Jordan Tafoya, 13, was last seen about 12 p.m. on June 19 at an undisclosed location in Denver.

Police described Jordan as 5 feet, 6 inches tall and 185 pounds with black hair and brown eyes.

Investigators said Jordan is affiliated with the Northern Arapahoe Tribe.

The CBI tweeted an alert Wednesday declaring Jordan as missing.

Anyone with information about Jordan's whereabouts is asked to call 911 or the Denver Police Department at 720-913-7867.

Missing indigenous women

Thousands of Indigenous women go missing and are murdered at disproportionately high rates compared with other ethnic groups.

The FBI’s National Crime Information Center reported 5,203 missing Indigenous girls and women in 2021, disappearing at a rate equal to more than two and a half times their estimated share of the U.S. population.
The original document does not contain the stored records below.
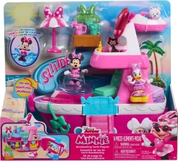 Komplekti kuuluvad figuurid MINNIE, DAISY ja armas koerake Snowpuff, keda saab istutada toolidesse, panna kiikuma või lasta liurennist alla. Tuled ja helid ning särav “diskokuul” lisavad igale stseenile võluva atmosfääri, samal ajal kui külm vesi basseinis aktiveerib maagilise värvimuutuse.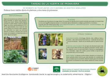 Las temperaturas suben y aunque aún quedan unas semanas para la llegada oficial de la primavera, lo cierto es que el invierno se despide. Planificar las tareas que pueden hacerse en esta época, puede ser muy útil para aprovechar todos los aprendizajes que nos ofrece el huerto en esto últimos meses del curso.
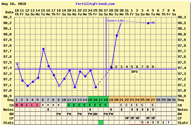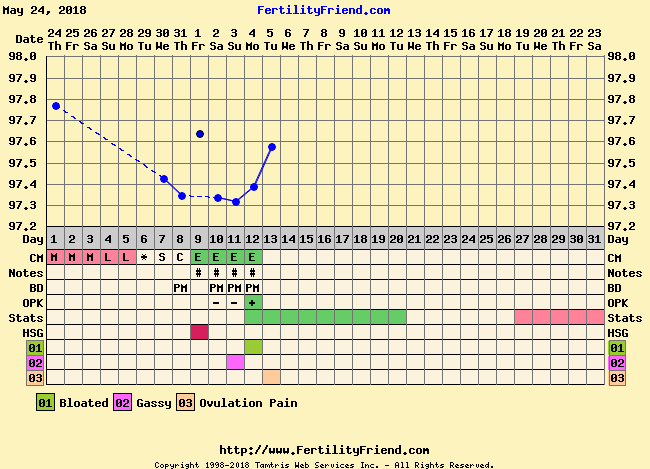 CS/Q: I'm pretty confident O was yesterday based on OPKs (blazers have corresponded with O day for me lately) and the O pains this morning which are typical the day after O for me. The temp increase wasn't huge, but FF will still recognize it if I put in two more high temps.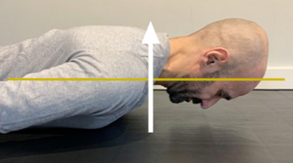 The Cervical “sit-up.”: Stabilising the neck requires activity of the muscles at the front of the neck, which are prone to becoming weak in FHP. Try laying on your back with your head in as neutral a position as is comfortable. Do a gentle chin tuck as described above, but then slowly lift your head off the floor/pillow by sending your chin towards the chest and bring back down with control while maintaining the chin tuck. Do 15-20 reps of these cervical sit-ups, repeat up to 3 times per day; you will feel the muscle activity towards the end of each set of these exercises.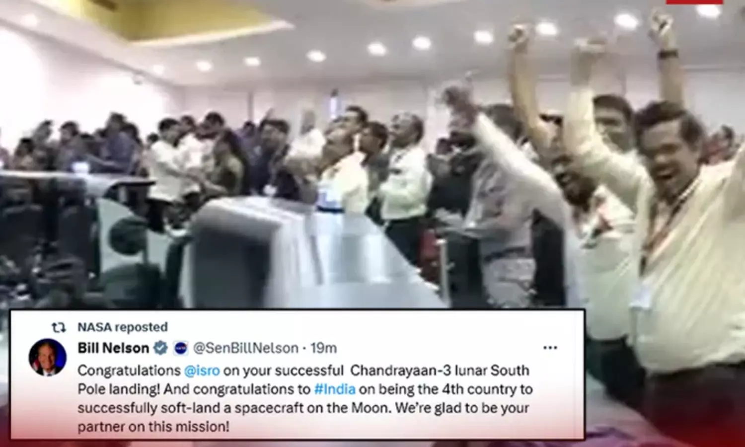 இந்த நிலையில், சந்திரயான் 3 லேண்டரின் வெற்றிக்காக இஸ்ரோவுக்கு நாசா வாழ்த்து தெரிவித்துள்ளது. இது தொடர்பாக வெளியிடப்பட்டுள்ள வாழ்த்து செய்தியில் "சந்திரயான்-3 நிலவின் தென் துருவத்தில் வெற்றிகரமாக தரையிறங்கியதற்கு இஸ்ரோவுக்கு வாழ்த்துகள்!. நிலவில் விண்கலத்தை வெற்றிகரமாக தரையிறக்கிய 4-வது நாடான இந்தியாவுக்கு வாழ்த்துகள். இந்த பணியில் உங்கள் பங்காளியாக இருப்பதில் நாங்கள் மகிழ்ச்சியடைகிறோம்" என்று தெரிவித்துள்ளது.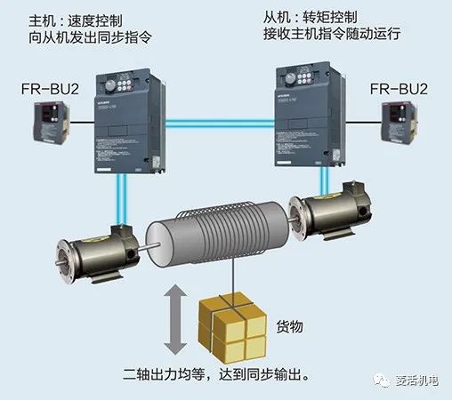 冶金铸造吊常用多台电机驱动刚性轴吊运钢包,为保证各电机出力均等,利用变频器的主-从控制功能实现负载的稳定运行。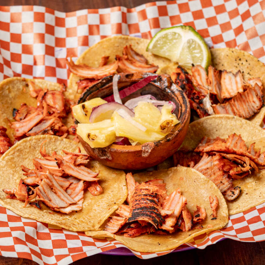 200 gr de Carne al Pastor, tortilla de maíz mediana (6pz) acompañado de cebolla morada con habanero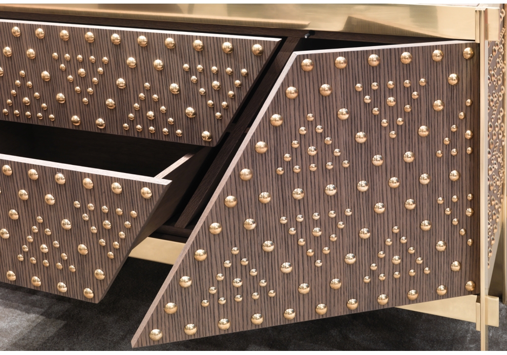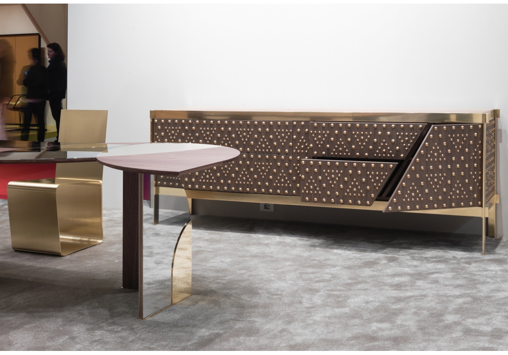 Dolly conçu par Ferruccio Laviani pour Emmemobili est un bahut réalisé avec panneaux contreplaqués et structure en laiton. La façade et les côtés sont décorés avec des boutonts en laiton, de différents diamètres. Disponible en 2 modèles: avec portes ou avec portes et tiroirs. Espaces intérieurs équipés d'une étagère en bois chacun.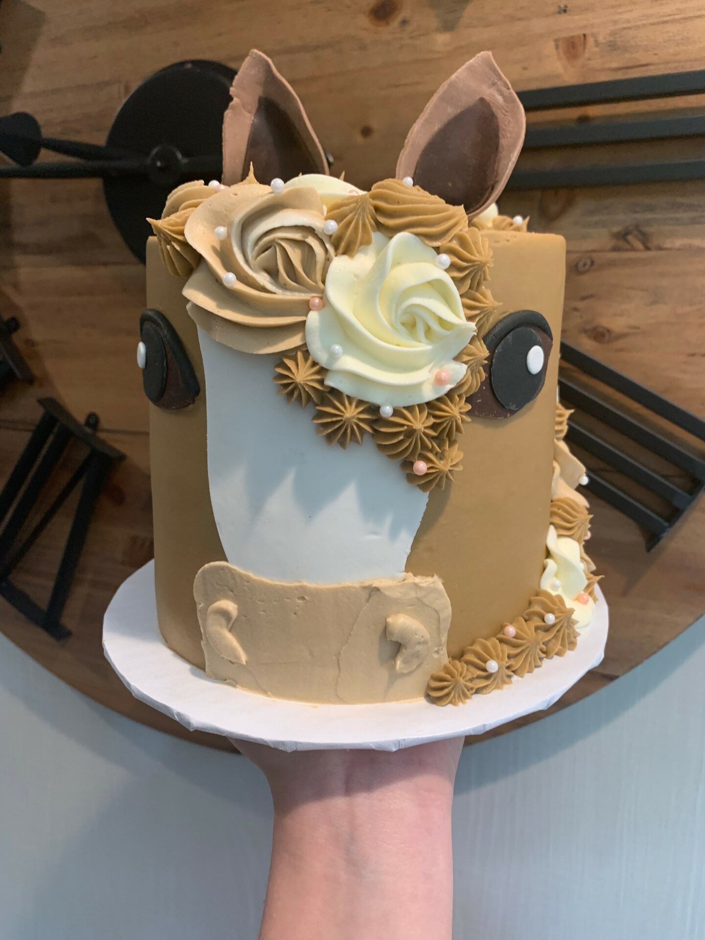 One example of this was an order I received from an equestrian. It was a horse cake, with fondant details. At first my answer was immediately no. But she was a consistent client so I gave in and finally said yes. This cake turned out beautifully, and it has been my most popular cake style this year. The same design has been ordered at least ten times already, and I have more orders for later this year. I am actually going to use this as one of my relevant work photos I send in for you!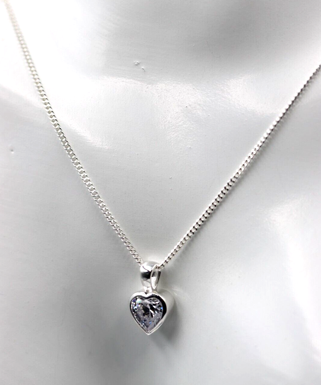 Sterling Silver 925 Small Bezel Set CZ Heart Pendant Charm Necklace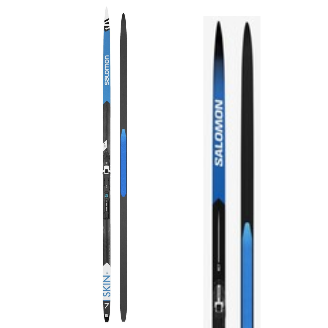 Salomon's RC7 eSKIN skis allow you to enjoy excellent classic performance without the daily chore of waxing. The eSKINGRIP+ insert guarantees a secure and precise grip as well as fast and silent gliding for skiers who demand optimal performance on different types of snow. They are supplied with pre-mounted Shift bindings.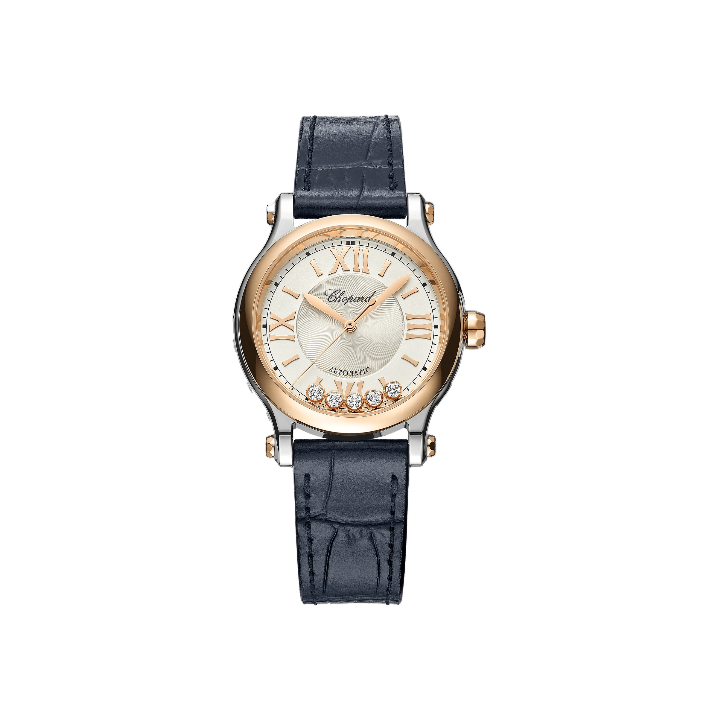 Ladies' automatic watch, case - steel/18K rose gold, 33 mm Strap - alligator Dial - moving diamonds weighing 0.25 ct 1 sapphire - 0.13 ct (crown)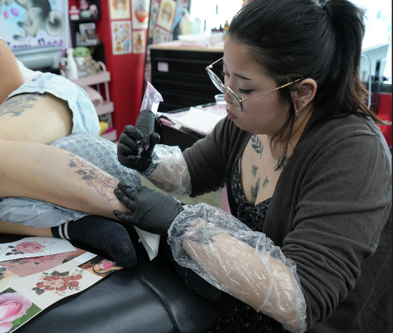 5YRS EXPERIENCE-Cami has been with 5th layer for two years now, around the time we took over the second floor of 7 Union. She specializes in Color Illustrative Anime and kawaii pop-culture tattoos, as well as color on all skin tones! (5th layer always offers free color tests for our melanated clients, call us and ask about it!) You'll often find her yapping away about YouTube deep dives. She has been tattooing for almost 5 years and is super interested in traveling and making new connections both by fellow artists and new clients! Contact her via the booking form on her instagram or just pop in to check out her flash books as well! ps. ask about the Kirby book!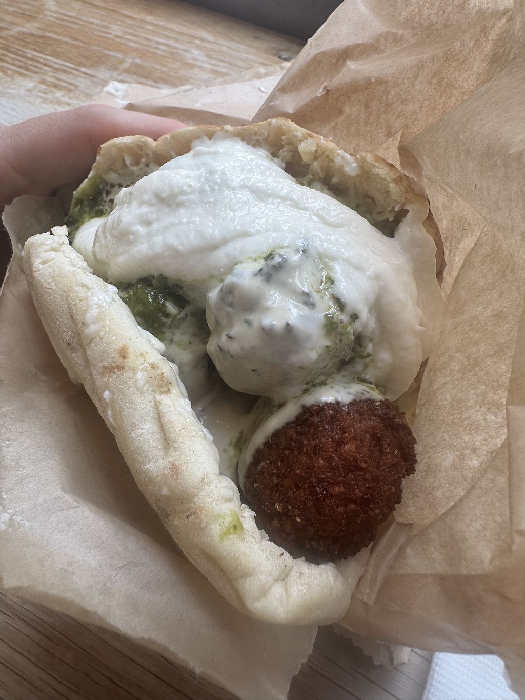 I got a falafel pita with the green and red (spicy) falafel and topped it with tahini, s’rug and whipped garlic. The falafel and sauces were very good, especially the red falafel. But the sandwich was only just Ok—all the falafel was on top with other fillings all on the bottom. The pickled cabbage was weirdly sweet and the hummus was pretty bland. Once I got past the falafel, it ran out of flavor. I might come back for the spicy falafel but not sure I would go for the sandwich again.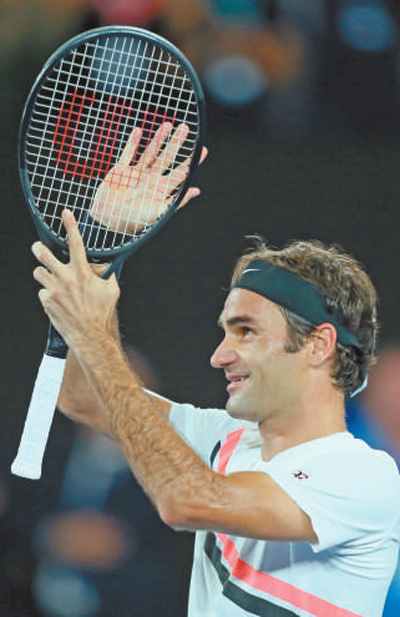 | 1月28日,費(fèi)德勒賽后向觀眾致意。 |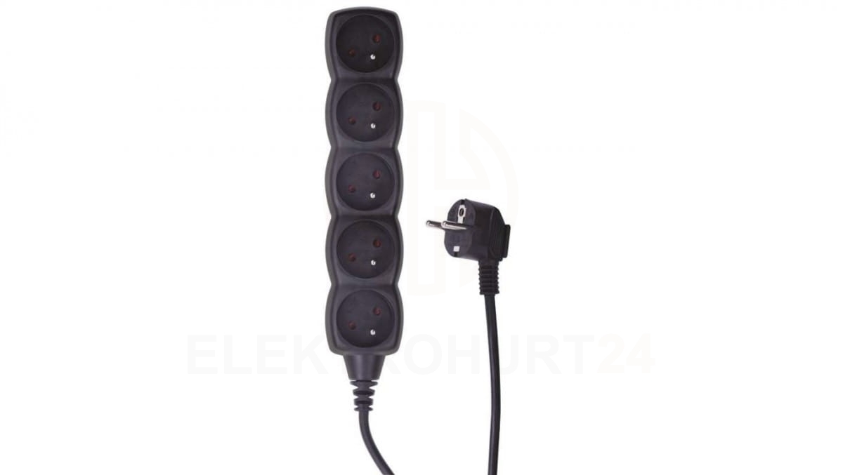 Przedłużacz 5-gniazd z/u 3m /H05VV-F 3G1/ czarny PC0513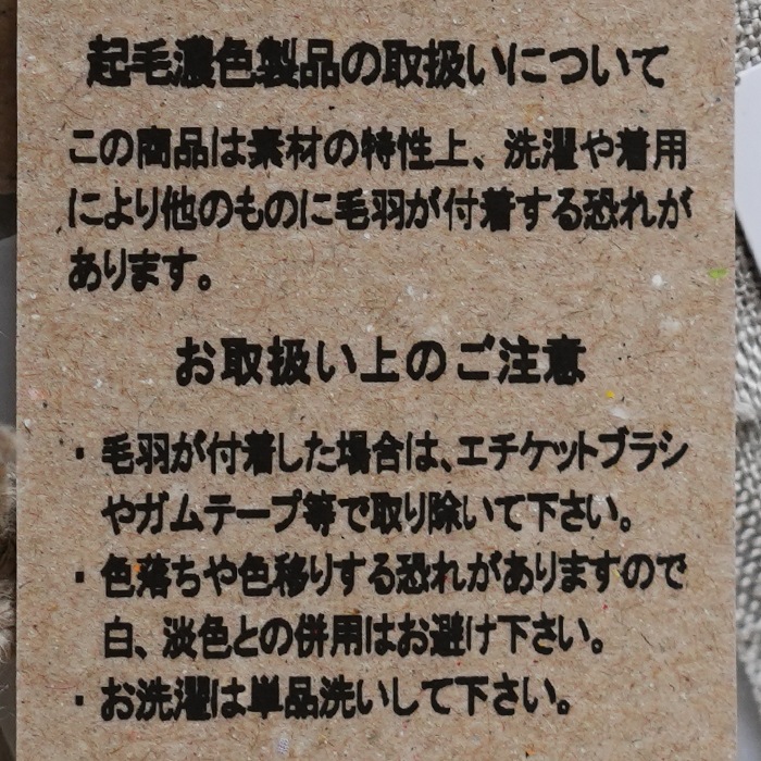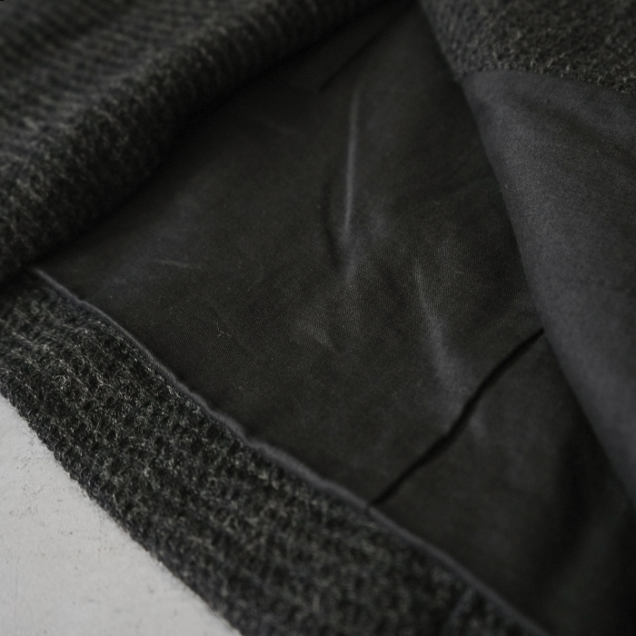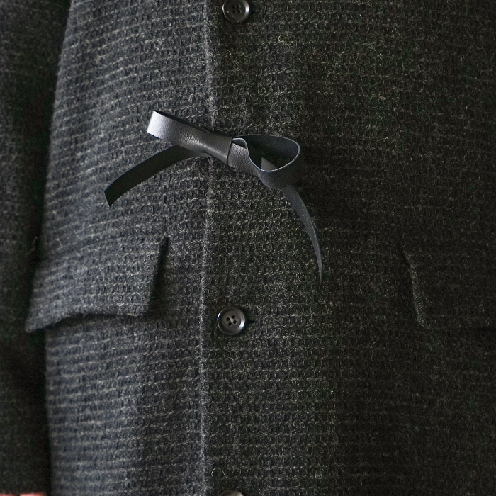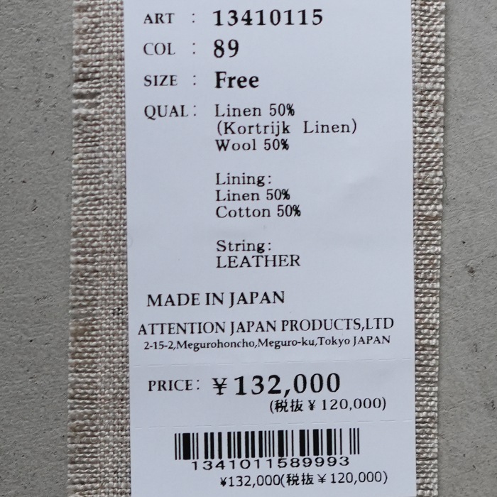 | 素材 | リネン50%(コルトレイクリネン)、ウール50% 裏地:リネン50%、コットン50% コード:牛革 |
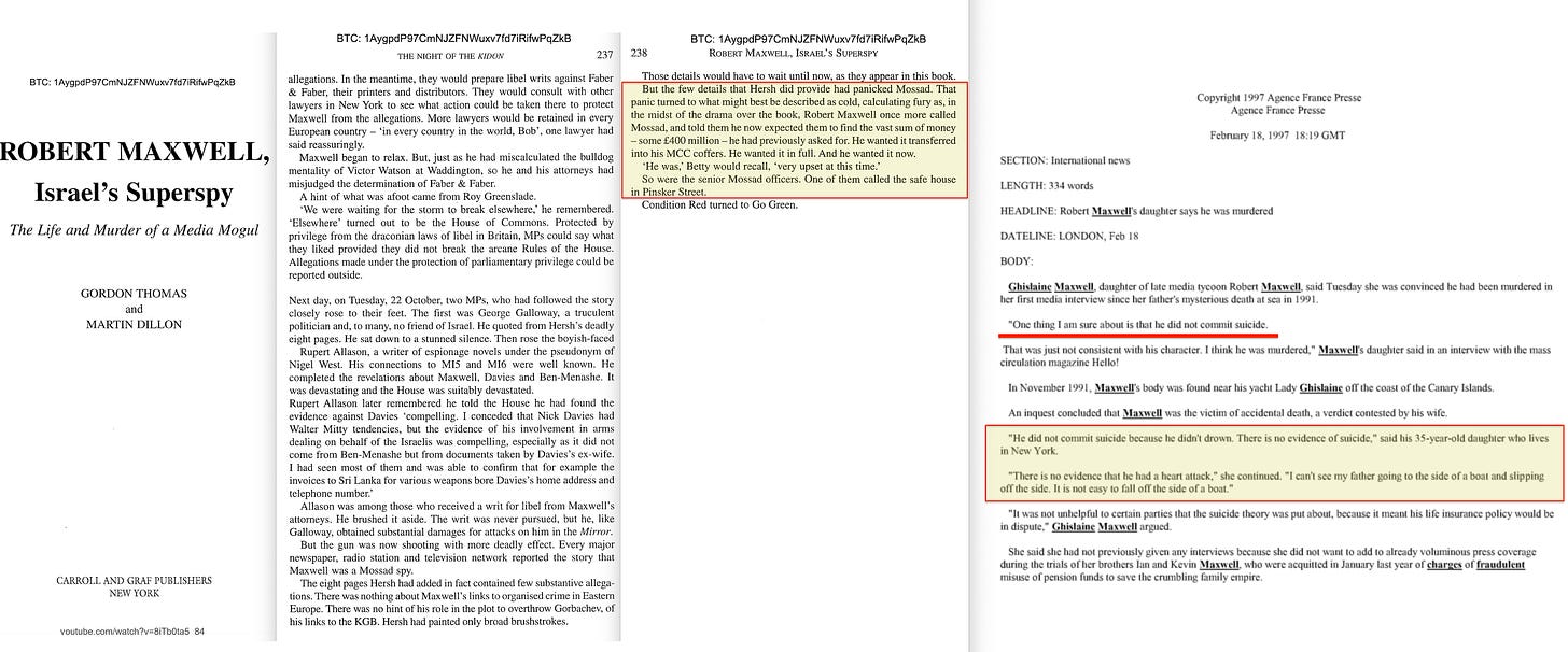 According to multiple intelligence sources, including the authors of Robert Maxwell: Israel’s Superspy, Maxwell had told his Israeli handlers that unless they gave him the money to save his collapsing business empire, he would go public with everything he knew about Mossad’s operations66.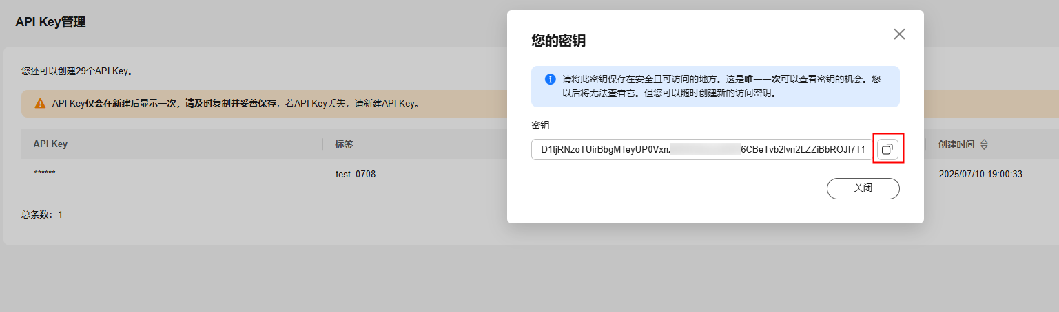 注意保存当前API Key: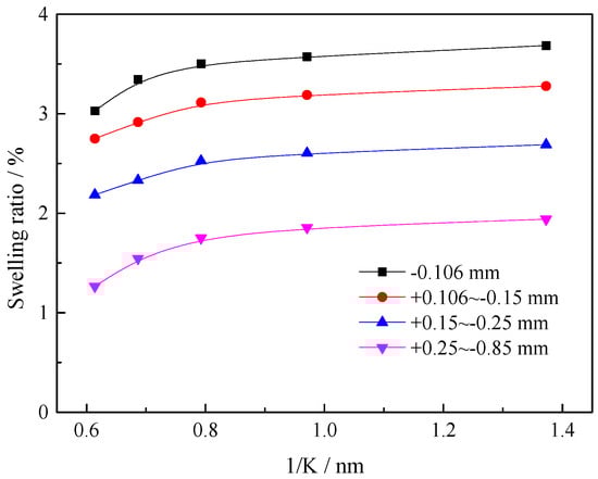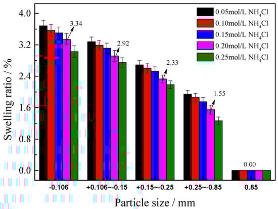 3.3.2. Swelling Ratios of Ore Samples with Different Grain Sizes of WCE-DREOs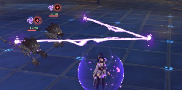 就是下面介个啦~召唤的雷光矩阵会出现在旅行者身边对旅行者造成阻碍

The real rate is likely higher; the total was deemed an undercount in an October report to Congress because of a lack of comprehensive federal data.

Nobody knows how many missing or murdered Indigenous women there are, but it’s enough to have its own acronym: MMIW. That stands for Missing or Murdered Indigenous Women (MMIW) (or in this case, Missing and Murdered Indigenous Women and Girls (MMIWG)).

President Joe Biden described it as an “epidemic” and for Secretary of Interior Deb Haaland to label it a crisis while calling for more federal action.

In seeking explanations for the problem, activists for missing or murdered Indigenous women point to centuries of colonial trauma and prejudicial or ineffective government policies. These entrenched within Indigenous communities higher rates of poverty, substance and domestic abuse, and other social ills that contribute to Indigenous women having a lower life expectancy rate than other groups.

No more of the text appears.